= Boostan =

Persian carpet woven by Master Ali Khodadadi

Boostan (بوستان), formerly exhibited as Carpet to the Throne (با فرش تا عرش), is a Persian carpet woven by Master Ali Khodadadi and is considered to be a masterpiece in the history of Persian art.

== About Boostan ==
Master Khodadadi began the work of designing and weaving Boostan in March 1978. The design was described and dictated by Mr. Khodadadi and drawn by the late Master Archang Esfahani over the course of two months. Weaving began with a pile 7 centimeters thick (wool strands 7 centimeters long) and was completed in October 1979. The most important stage, and that which contributed the most to the artistic value of the carpet, the scissors work, was begun in November 1979 and completed in January 1986.

Boostan is referenced in The Dream of Paradise, a set of three books describing the most famous carpets in the world. In this reference collection, Boostan is listed among 115 internationally renowned pieces of art, including the Pazyryk carpet, considered to be the world's most antique carpet, woven in the 5th century B.C.

The following is a description of the design of Boostan, as cited in The Dream of Paradise:

Intermittent and sinuous scrolls of Band islimi motifs are elaborately employed to outline the [eight-point] medallion that glitters in the centre of the carpet. In this regard, khatayi motifs accompany the islimi scrolls in order to illuminate the central medallion whose pendants echo the decoration of the medallion.

Having been illuminated in different hues and motifs, the wide and narrow borders stand out in contrast, in spite of the fact that they are drawn with no separating lines. In this respect, the wide border is embossed with almond-shaped medallions flanked by animal and khatayi motifs, whereas the narrow borders are embellished with intermittent and fluctuating floral islimis.
— The Dream of Paradise, vol. 1/3, p. 107

== Technical specifications ==
- Name
  Boostan ("Garden of Eternal Spring")
- Design
  Abbasi's Spandrel and Medallion
- Dimensions
  230 x 150 centimeters
- Fibers
  Merino wool, silk, linen
- Knot used
  Persian
- Number of knots
  3,800,000

== Boostan in the media ==
Master Khodadadi's carpet has been "recognized across the world as an [unrivaled] piece of art work." Boostan was presented to and enjoyed a four-day presence in the Islamic Consultative Assembly (Iranian Parliament), as well as having been exhibited in many different countries, including Japan, Germany, Qatar, Kuwait, and France. In addition, Boostan won first place at a carpet exhibition in Qatar in 1992, an exhibition in Hannover, Germany in 1992, and a carpet fair in Japan in 1998.
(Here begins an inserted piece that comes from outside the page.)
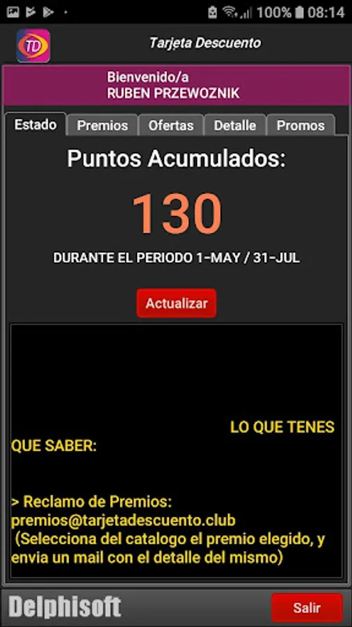 Discount Card benefits club. Control of points accumulated by purchase. Check the catalog of prizes, promos. Control your purchases

Boostan has been revered by many leading figures in Iran, including Ayatollah Khamenei (Supreme Leader), former President Khatami, and Dr. Hossein Elahi Ghomshei. It has been said that Master Khodadadi "linked the carpet to the heavens and rendered [from] the heavens the manifestation of beauty" and that Boostan is "a golden sheet in the history of Persian culture and art."